Search code examples
stringrdata-import

Read.table to skip lines with errors


I have large .csv file separated by tabs, which has strict structure with colClasses = c("integer", "integer", "numeric") . For some reason, there are number of trash irrelevant character lines, that broke the pattern, that's why I get

Error in scan(file, what, nmax, sep, dec, quote, skip, nlines, na.strings,  : 
  scan() expected 'an integer', got 'ExecutiveProducers'

How can I ask read.table to continue and just to skip this lines? The file is large, so it's troublesome to perform the task by hand. If it's impossible, should I use scan + for-loop ?

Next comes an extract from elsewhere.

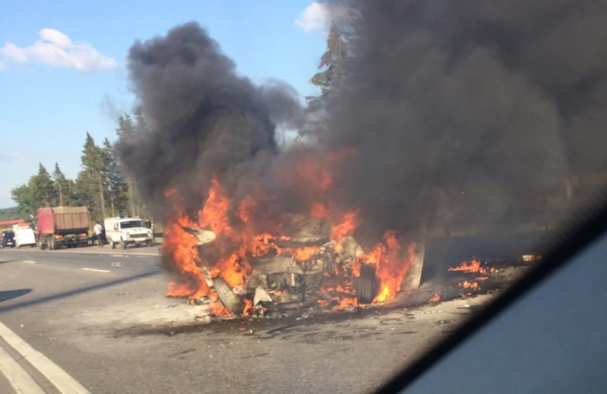 В Калужской области «Рено» сгорел после жуткого ДТП

Now I just read everything as characters and then delete irrelevant rows and convert columns back to numeric, which I think not very memory-efficient


Solution

  • If your file fits into memory, you could first read the file, remove unwanted lines and then read those using read.csv:

    lines <- readLines("yourfile")
    
    # remove unwanted lines: select only lines that do not contain 
    # characters; assuming you have column titles in the first line,
    # you want to add those back again; hence the c(1, sel)
    sel <- grep("[[:alpha:]]", lines, invert=TRUE)
    lines <- lines[c(1,sel)]
    
    # read data from selected lines
    con <- textConnection(lines)
    data <- read.csv(file=con, [other arguments as normal])